(Data records)
= = = =

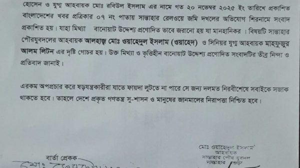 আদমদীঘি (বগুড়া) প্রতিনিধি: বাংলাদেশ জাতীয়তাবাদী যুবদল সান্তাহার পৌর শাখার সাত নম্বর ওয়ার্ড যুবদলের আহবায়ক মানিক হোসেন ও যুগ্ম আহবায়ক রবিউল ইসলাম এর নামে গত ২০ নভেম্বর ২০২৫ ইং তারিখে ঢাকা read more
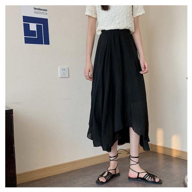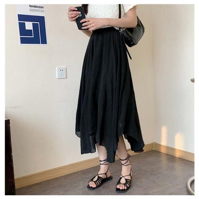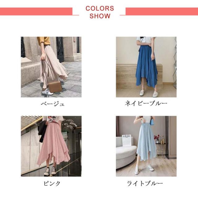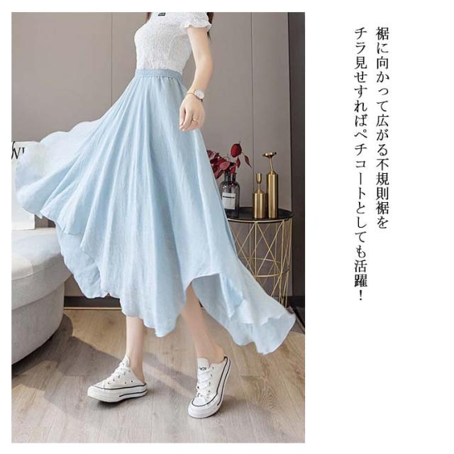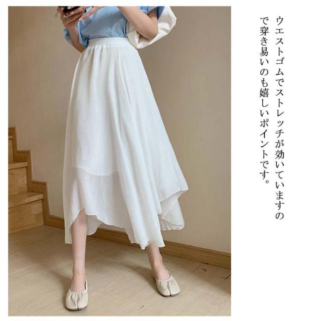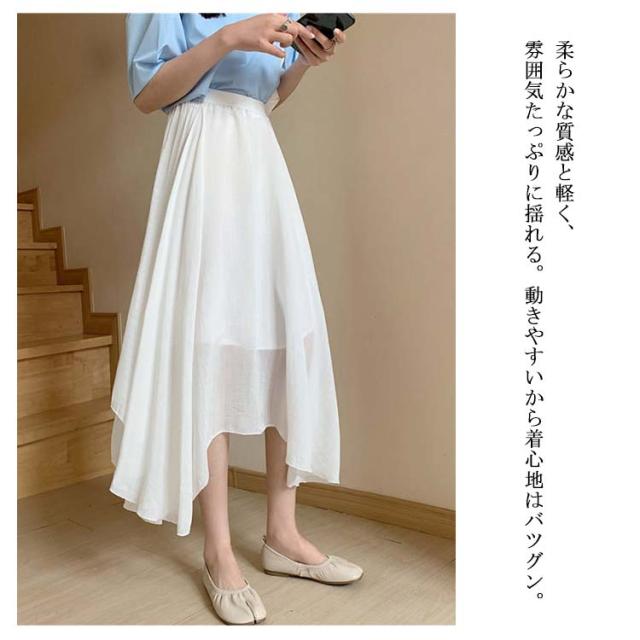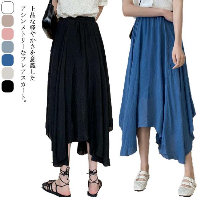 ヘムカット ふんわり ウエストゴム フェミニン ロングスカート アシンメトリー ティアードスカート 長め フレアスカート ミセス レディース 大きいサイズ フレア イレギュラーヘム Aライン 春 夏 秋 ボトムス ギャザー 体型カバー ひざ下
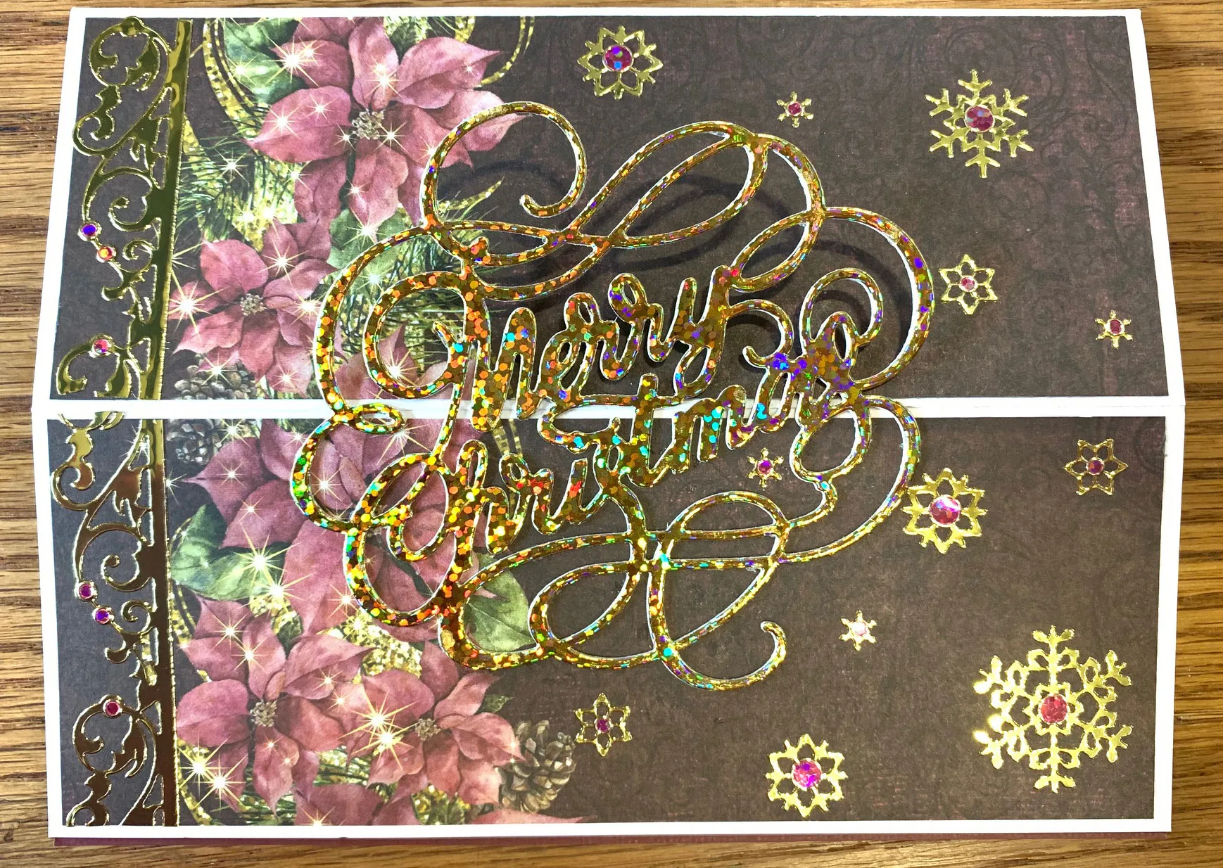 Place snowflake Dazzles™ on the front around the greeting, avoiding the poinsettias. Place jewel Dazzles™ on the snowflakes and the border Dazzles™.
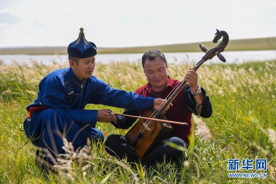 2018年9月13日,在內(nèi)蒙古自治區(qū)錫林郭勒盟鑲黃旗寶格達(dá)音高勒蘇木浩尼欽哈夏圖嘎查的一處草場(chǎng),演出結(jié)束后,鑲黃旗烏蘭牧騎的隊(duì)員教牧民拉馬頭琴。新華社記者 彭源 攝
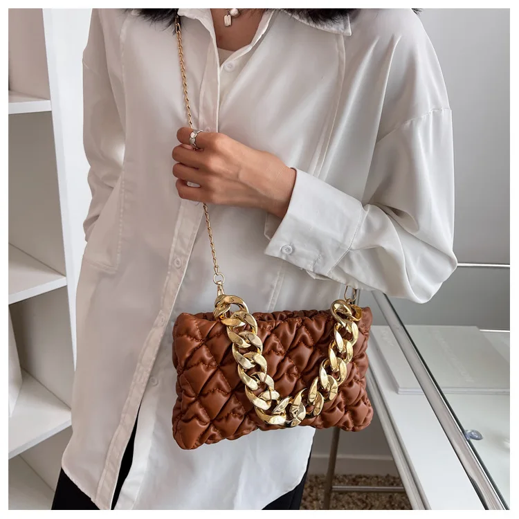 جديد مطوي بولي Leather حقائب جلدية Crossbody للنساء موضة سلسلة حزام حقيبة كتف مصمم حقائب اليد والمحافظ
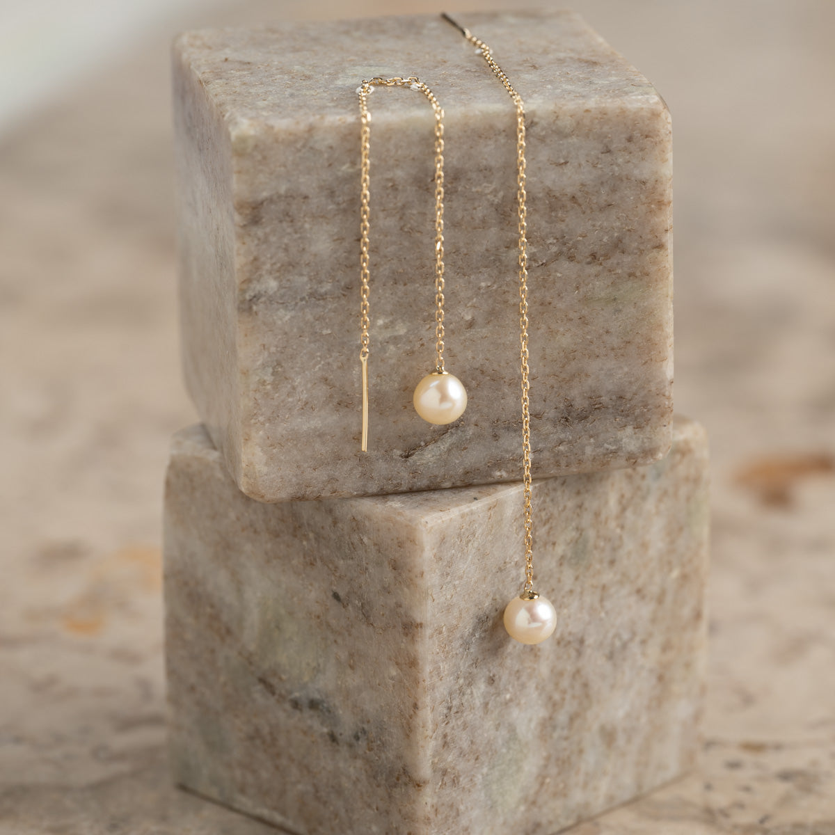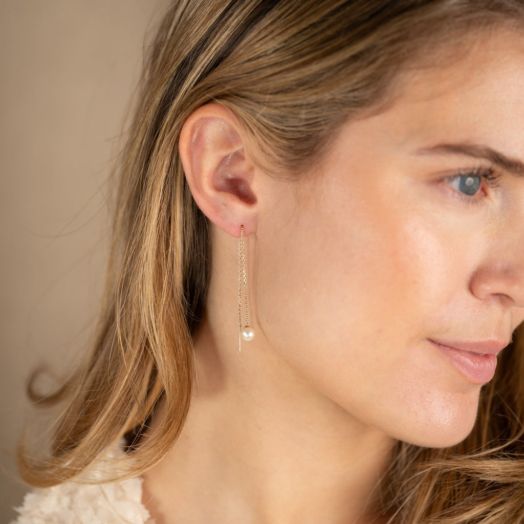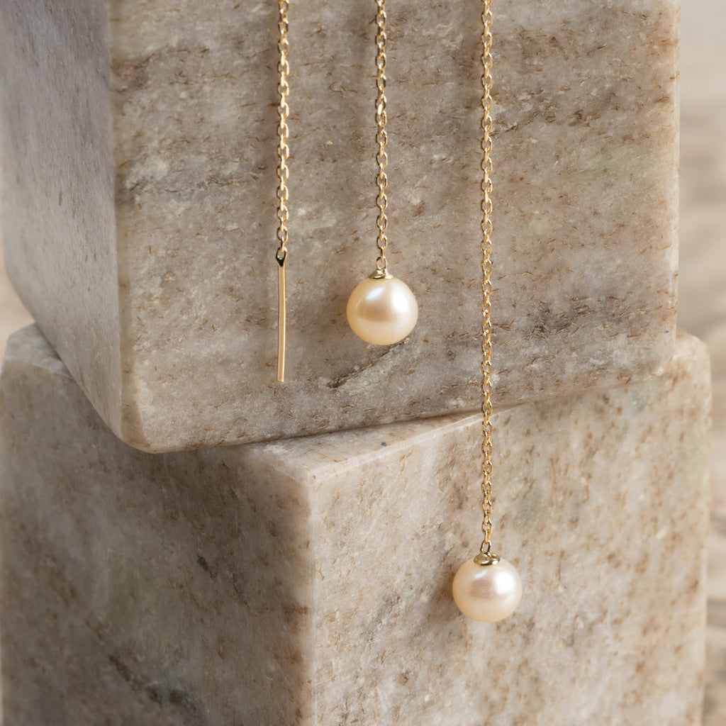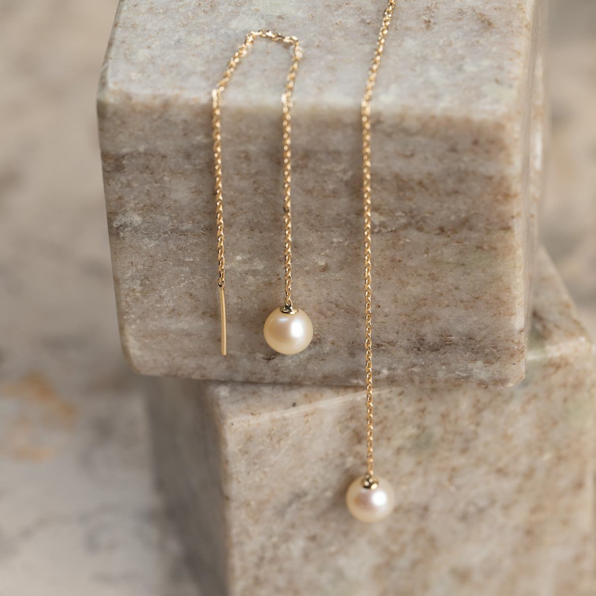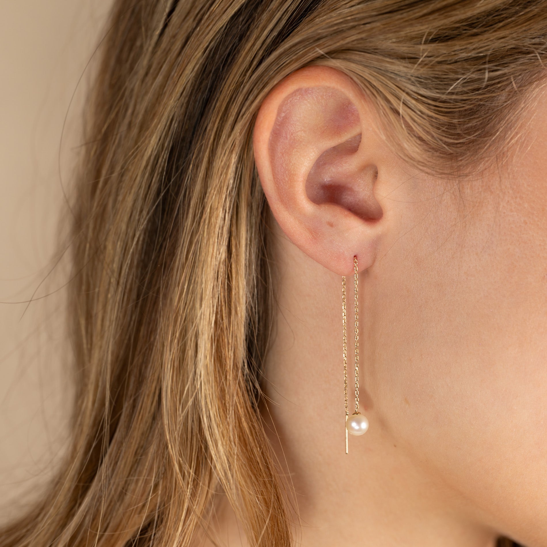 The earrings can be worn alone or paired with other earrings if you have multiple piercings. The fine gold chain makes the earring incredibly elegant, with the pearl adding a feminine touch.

= = = =

Transcribe all data precisely. Pictures are not copied.

 আদমদীঘি (বগুড়া) প্রতিনিধি: বাংলাদেশ জাতীয়তাবাদী যুবদল সান্তাহার পৌর শাখার সাত নম্বর ওয়ার্ড যুবদলের আহবায়ক মানিক হোসেন ও যুগ্ম আহবায়ক রবিউল ইসলাম এর নামে গত ২০ নভেম্বর ২০২৫ ইং তারিখে ঢাকা read more
 ヘムカット ふんわり ウエストゴム フェミニン ロングスカート アシンメトリー ティアードスカート 長め フレアスカート ミセス レディース 大きいサイズ フレア イレギュラーヘム Aライン 春 夏 秋 ボトムス ギャザー 体型カバー ひざ下
 Place snowflake Dazzles™ on the front around the greeting, avoiding the poinsettias. Place jewel Dazzles™ on the snowflakes and the border Dazzles™.
 2018年9月13日,在內(nèi)蒙古自治區(qū)錫林郭勒盟鑲黃旗寶格達(dá)音高勒蘇木浩尼欽哈夏圖嘎查的一處草場(chǎng),演出結(jié)束后,鑲黃旗烏蘭牧騎的隊(duì)員教牧民拉馬頭琴。新華社記者 彭源 攝
 جديد مطوي بولي Leather حقائب جلدية Crossbody للنساء موضة سلسلة حزام حقيبة كتف مصمم حقائب اليد والمحافظ
 The earrings can be worn alone or paired with other earrings if you have multiple piercings. The fine gold chain makes the earring incredibly elegant, with the pearl adding a feminine touch.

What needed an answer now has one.